____ MATERIAL FOR THIS EXERCISE

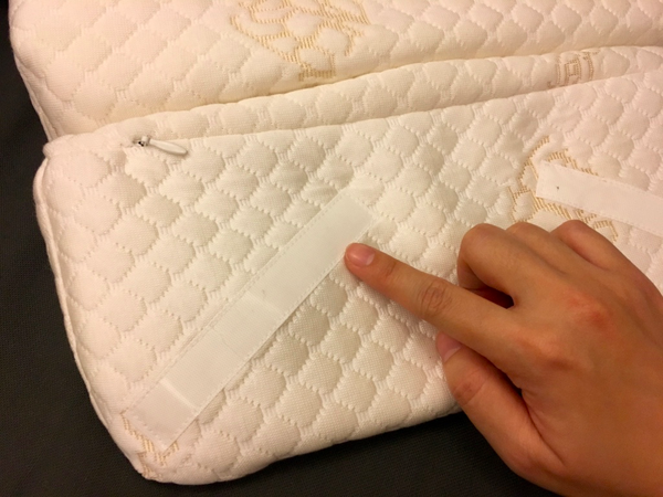 將兩顆長方形枕頭展開-透過魔鬼氈將黏扣布固定-完成!
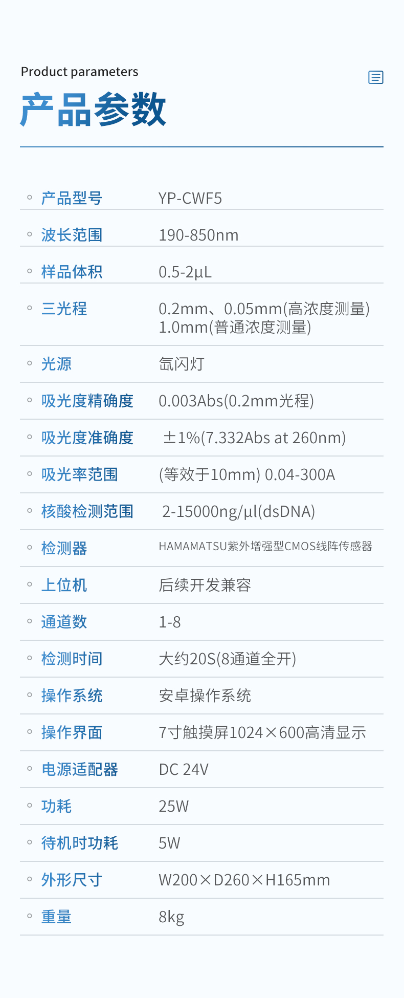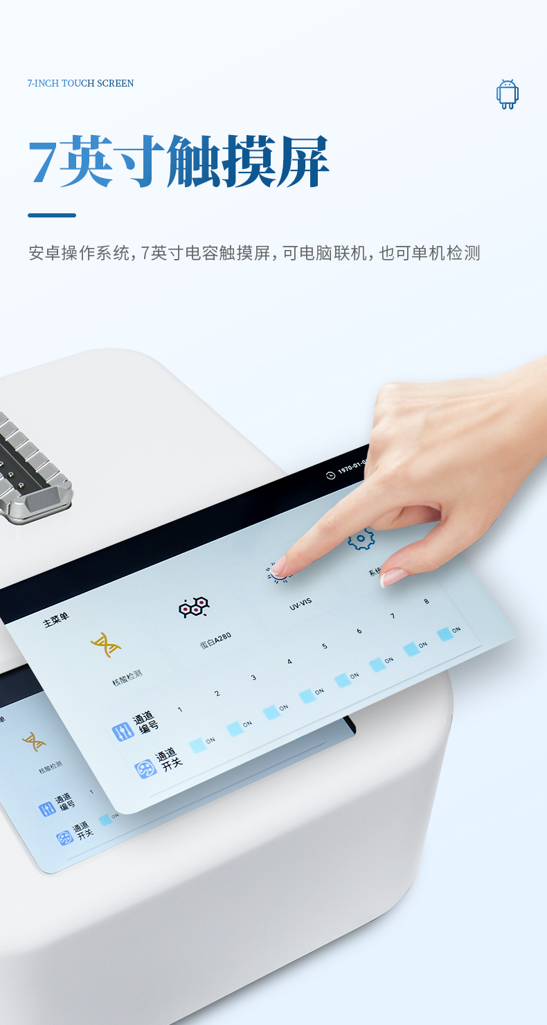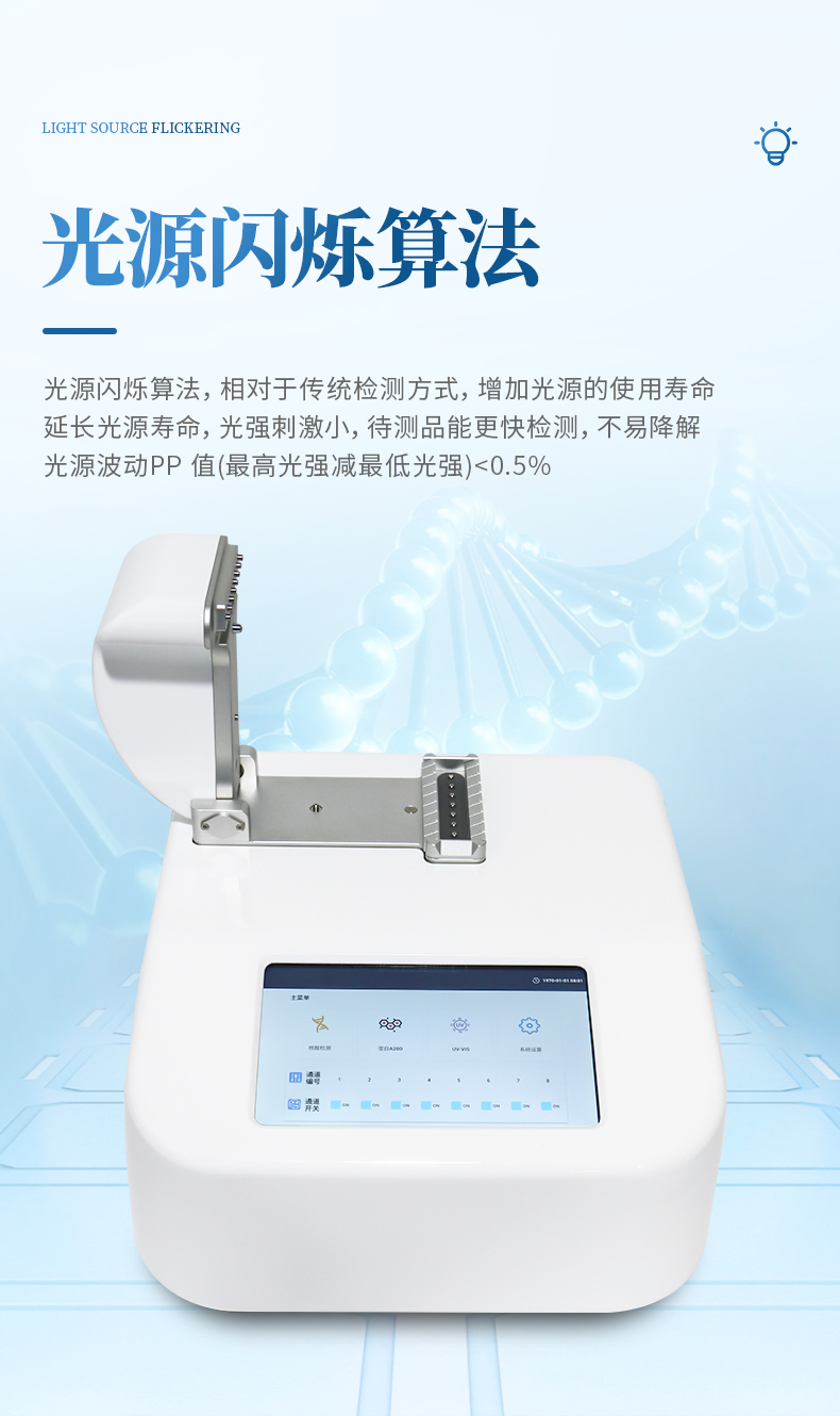超微量紫外可見分光光度計單機和PC 全部兼?zhèn)涞?-8可任意開啟的多通道全波 長(190-850NM) 微量分光光度計??煽焖贉蚀_的檢測核酸、蛋白質(zhì)和細胞溶液,核酸檢測每次測量  所需要的樣品量僅需1至2UL 即可。直接將樣品點于加樣臺上。無需比色杯或毛細管等附件。測量結(jié)束后,可以選擇直接將樣品擦去或者再用移液器回收樣品。所有步驟簡單快速, 一氣呵成。可應(yīng)用在臨床疾病診斷、輸血安全、法醫(yī)學鑒定、環(huán)境微生物檢測、食品安全檢測、分子生物學研究等多種領(lǐng)  域 。
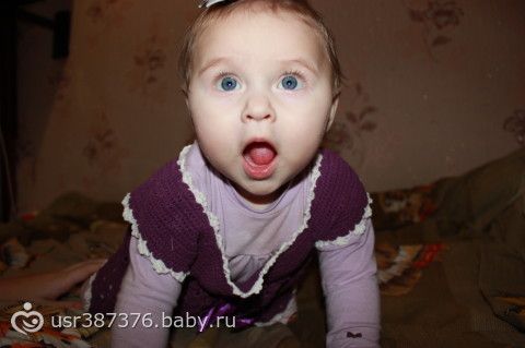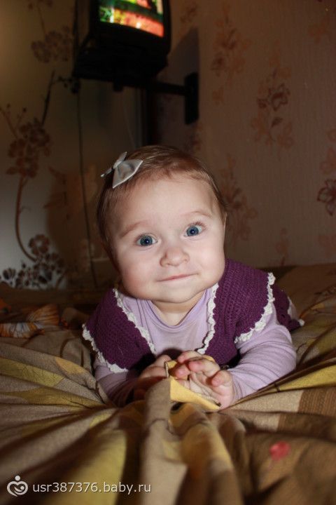 10.12.12 нам было 8 месяцев! Ура!!! Весим мы 9100 и 72см! За последнею неделю столько произошло! Сначала мы встали в кроватке потом поползли, а 2 дня назад я обнаружила зубик!!! Моему счастью нет границ!!! Прикорм мы кушаем не охотно, сися у нас святое! Я до сих пор не заменила не одного кормления!(((( Ладно еще успеем! Я очень люблю свою доченьку!
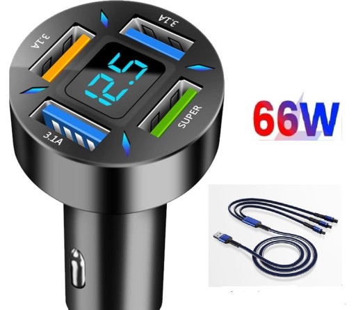 БЫСТРОЕ АВТОМОБИЛЬНОЕ ЗАРЯДНОЕ УСТРОЙСТВО 4xUSB 7A (3xQC) МОЩНЫЙ 66ВТ БЫСТРЫЙ КАБЕЛЬ 3-В-1
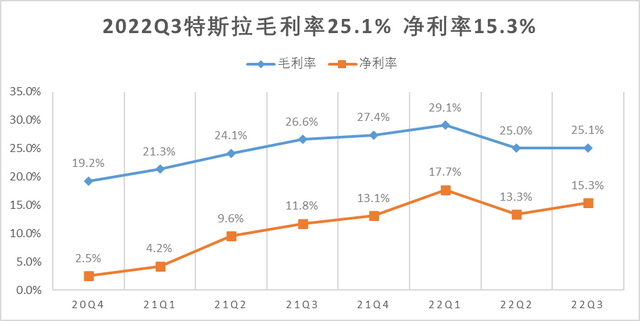 受到原材料价格上涨的影响,特斯拉营业成本同比增长59.2%,高于55.9%的营收增速,导致毛利率较2021年3季度下降1.5个百分点至25.1%。
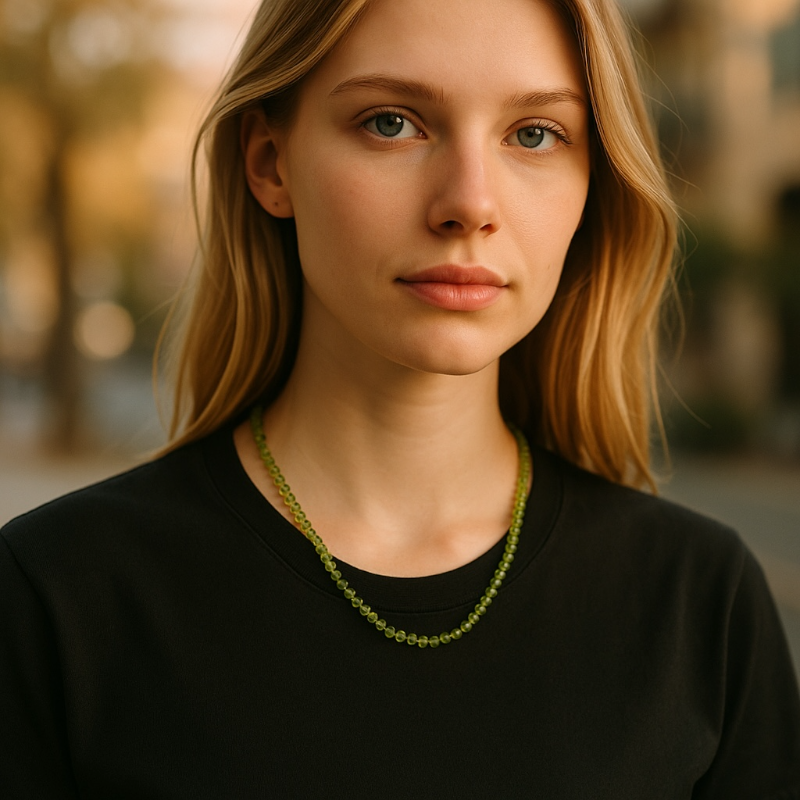 Collier péridot Inde AA (perles facettées 3-4mm) - 45cm
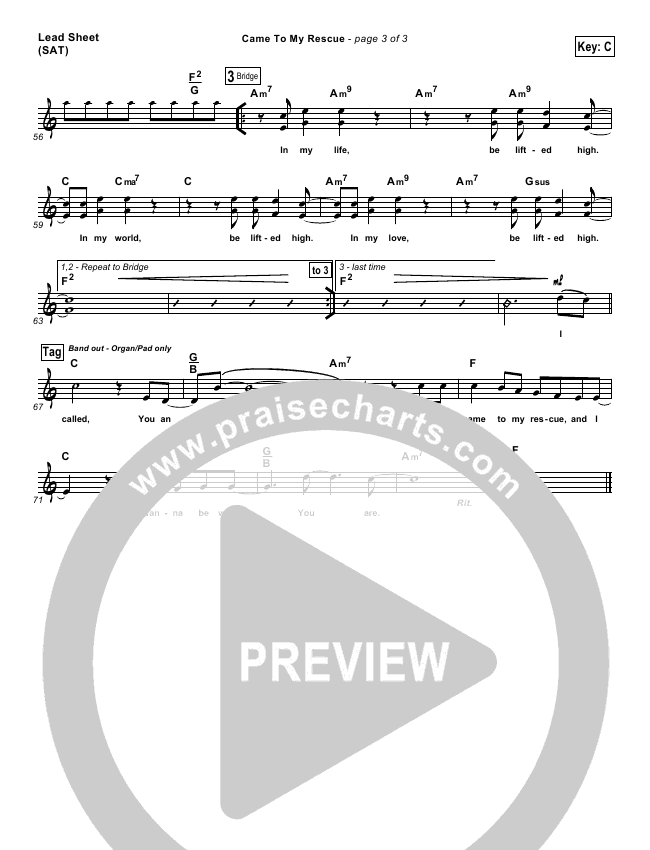 Download the sheet music for Came To My Rescue by Hillsong UNITED, from the album United We Stand. This song was arranged by Daniel Galbraith / Erik Foster in the key of Bb, C.

________

#### WHAT THE EXERCISE ASKS:
Apart from the images, every line above is to be given again exactly.

#### SOLUTION FOR THIS TASK:
 將兩顆長方形枕頭展開-透過魔鬼氈將黏扣布固定-完成!
超微量紫外可見分光光度計單機和PC 全部兼?zhèn)涞?-8可任意開啟的多通道全波 長(190-850NM) 微量分光光度計??煽焖贉蚀_的檢測核酸、蛋白質(zhì)和細胞溶液,核酸檢測每次測量  所需要的樣品量僅需1至2UL 即可。直接將樣品點于加樣臺上。無需比色杯或毛細管等附件。測量結(jié)束后,可以選擇直接將樣品擦去或者再用移液器回收樣品。所有步驟簡單快速, 一氣呵成。可應(yīng)用在臨床疾病診斷、輸血安全、法醫(yī)學鑒定、環(huán)境微生物檢測、食品安全檢測、分子生物學研究等多種領(lǐng)  域 。
 10.12.12 нам было 8 месяцев! Ура!!! Весим мы 9100 и 72см! За последнею неделю столько произошло! Сначала мы встали в кроватке потом поползли, а 2 дня назад я обнаружила зубик!!! Моему счастью нет границ!!! Прикорм мы кушаем не охотно, сися у нас святое! Я до сих пор не заменила не одного кормления!(((( Ладно еще успеем! Я очень люблю свою доченьку!
 БЫСТРОЕ АВТОМОБИЛЬНОЕ ЗАРЯДНОЕ УСТРОЙСТВО 4xUSB 7A (3xQC) МОЩНЫЙ 66ВТ БЫСТРЫЙ КАБЕЛЬ 3-В-1
 受到原材料价格上涨的影响,特斯拉营业成本同比增长59.2%,高于55.9%的营收增速,导致毛利率较2021年3季度下降1.5个百分点至25.1%。
 Collier péridot Inde AA (perles facettées 3-4mm) - 45cm
 Download the sheet music for Came To My Rescue by Hillsong UNITED, from the album United We Stand. This song was arranged by Daniel Galbraith / Erik Foster in the key of Bb, C.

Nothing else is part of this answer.